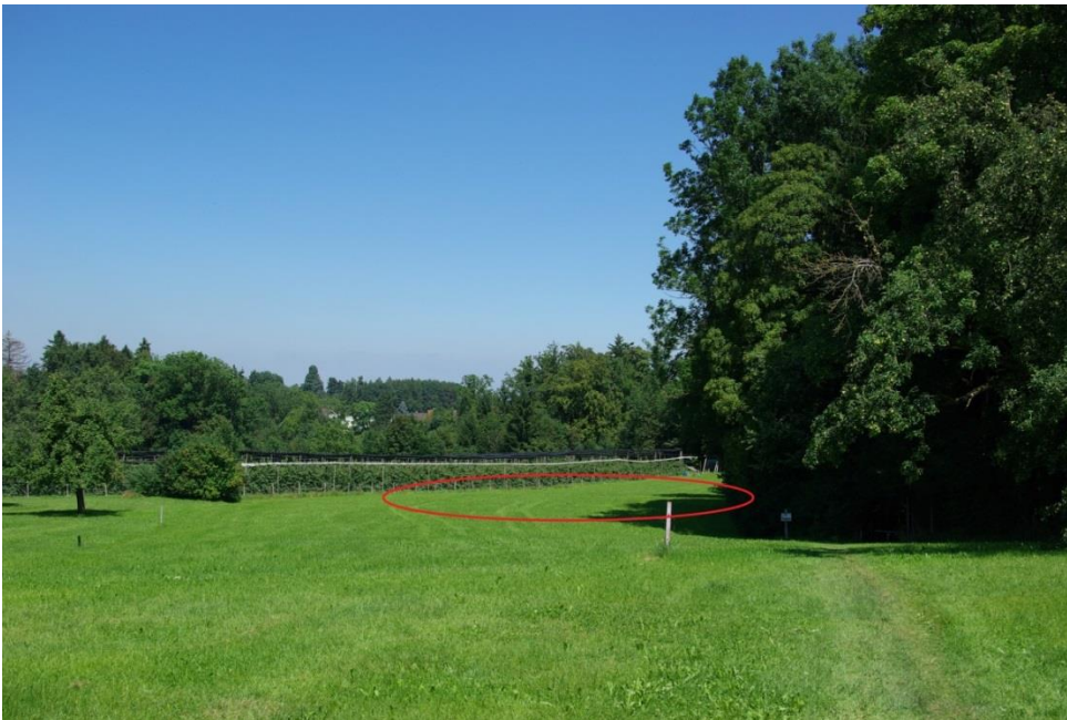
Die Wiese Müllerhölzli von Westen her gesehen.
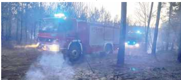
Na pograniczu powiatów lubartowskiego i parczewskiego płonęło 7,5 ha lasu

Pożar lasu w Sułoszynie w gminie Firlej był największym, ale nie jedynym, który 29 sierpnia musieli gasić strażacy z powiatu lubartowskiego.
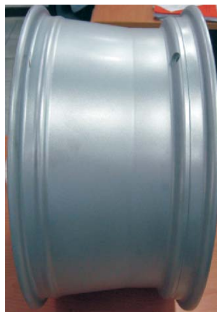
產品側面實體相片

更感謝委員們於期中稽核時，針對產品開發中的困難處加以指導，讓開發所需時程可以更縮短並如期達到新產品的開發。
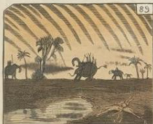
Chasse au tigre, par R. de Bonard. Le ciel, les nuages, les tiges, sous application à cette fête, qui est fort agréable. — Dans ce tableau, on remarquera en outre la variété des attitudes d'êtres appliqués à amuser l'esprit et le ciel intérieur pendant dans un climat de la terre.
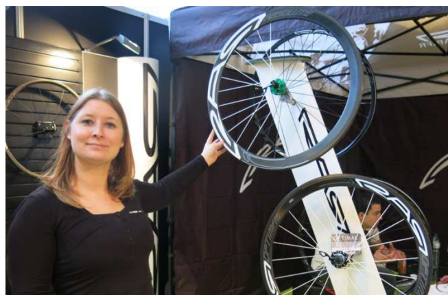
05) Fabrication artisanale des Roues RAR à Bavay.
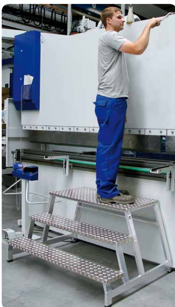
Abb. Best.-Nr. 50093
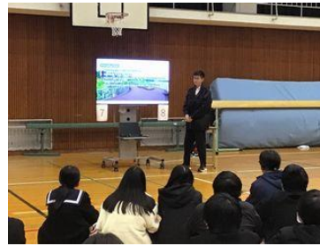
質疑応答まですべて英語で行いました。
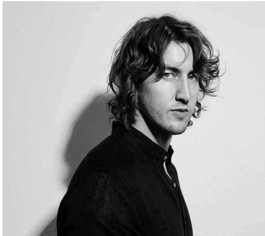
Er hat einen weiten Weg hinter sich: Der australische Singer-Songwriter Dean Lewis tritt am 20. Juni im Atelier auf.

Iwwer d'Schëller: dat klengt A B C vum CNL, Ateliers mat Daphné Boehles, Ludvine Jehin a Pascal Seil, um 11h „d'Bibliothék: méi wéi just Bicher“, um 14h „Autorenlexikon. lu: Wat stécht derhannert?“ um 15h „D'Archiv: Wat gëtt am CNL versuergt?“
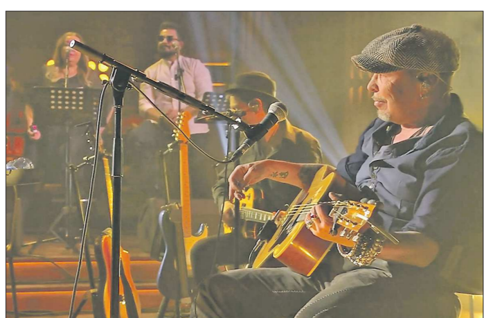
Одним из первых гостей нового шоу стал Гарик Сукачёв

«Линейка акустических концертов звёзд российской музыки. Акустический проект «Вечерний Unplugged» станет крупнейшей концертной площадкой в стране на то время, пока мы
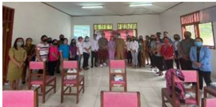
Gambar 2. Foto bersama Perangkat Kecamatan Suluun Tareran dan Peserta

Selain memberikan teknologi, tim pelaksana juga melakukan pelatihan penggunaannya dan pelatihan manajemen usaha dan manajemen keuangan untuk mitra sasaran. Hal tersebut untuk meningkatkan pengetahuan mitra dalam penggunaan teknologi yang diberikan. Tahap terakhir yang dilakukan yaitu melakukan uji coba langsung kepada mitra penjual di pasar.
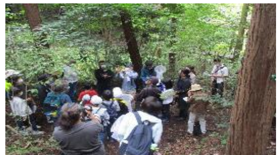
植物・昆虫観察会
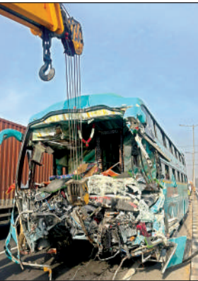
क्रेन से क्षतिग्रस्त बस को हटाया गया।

-----

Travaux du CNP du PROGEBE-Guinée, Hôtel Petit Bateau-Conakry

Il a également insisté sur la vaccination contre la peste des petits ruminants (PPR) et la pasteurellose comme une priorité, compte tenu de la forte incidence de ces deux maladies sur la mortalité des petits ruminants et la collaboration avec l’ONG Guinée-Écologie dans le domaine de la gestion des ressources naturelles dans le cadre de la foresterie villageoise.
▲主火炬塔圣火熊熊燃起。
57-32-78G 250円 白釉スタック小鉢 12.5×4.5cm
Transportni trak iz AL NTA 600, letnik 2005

-----

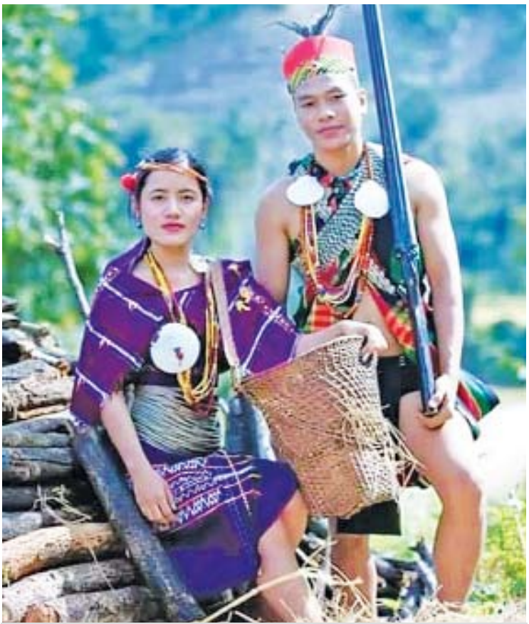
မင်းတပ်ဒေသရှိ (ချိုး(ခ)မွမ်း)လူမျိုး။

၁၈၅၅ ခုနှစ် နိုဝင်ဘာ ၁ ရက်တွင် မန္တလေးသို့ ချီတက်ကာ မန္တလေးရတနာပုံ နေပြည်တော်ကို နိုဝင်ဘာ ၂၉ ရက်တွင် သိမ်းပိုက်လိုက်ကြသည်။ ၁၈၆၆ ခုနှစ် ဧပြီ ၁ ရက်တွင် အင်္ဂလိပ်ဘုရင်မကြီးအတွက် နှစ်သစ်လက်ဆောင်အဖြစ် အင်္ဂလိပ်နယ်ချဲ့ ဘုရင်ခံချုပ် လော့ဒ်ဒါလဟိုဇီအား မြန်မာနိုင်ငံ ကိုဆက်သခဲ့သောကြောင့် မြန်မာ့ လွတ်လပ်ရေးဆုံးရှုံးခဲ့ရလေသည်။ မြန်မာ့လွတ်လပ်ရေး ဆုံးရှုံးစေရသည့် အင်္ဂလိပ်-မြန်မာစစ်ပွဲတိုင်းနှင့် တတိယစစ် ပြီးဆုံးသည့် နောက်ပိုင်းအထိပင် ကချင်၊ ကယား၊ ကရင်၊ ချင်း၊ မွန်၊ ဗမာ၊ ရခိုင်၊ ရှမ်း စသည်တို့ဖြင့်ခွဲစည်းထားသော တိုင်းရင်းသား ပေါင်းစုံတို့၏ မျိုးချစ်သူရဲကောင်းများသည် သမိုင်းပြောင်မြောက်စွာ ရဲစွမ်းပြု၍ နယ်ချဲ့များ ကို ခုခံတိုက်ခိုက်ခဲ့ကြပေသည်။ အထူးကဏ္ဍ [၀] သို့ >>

-----

Would you copy out every line in the records that includes the string "lasu"?

Na pograniczu powiatów lubartowskiego i parczewskiego płonęło 7,5 ha lasu
Pożar lasu w Sułoszynie w gminie Firlej był największym, ale nie jedynym, który 29 sierpnia musieli gasić strażacy z powiatu lubartowskiego.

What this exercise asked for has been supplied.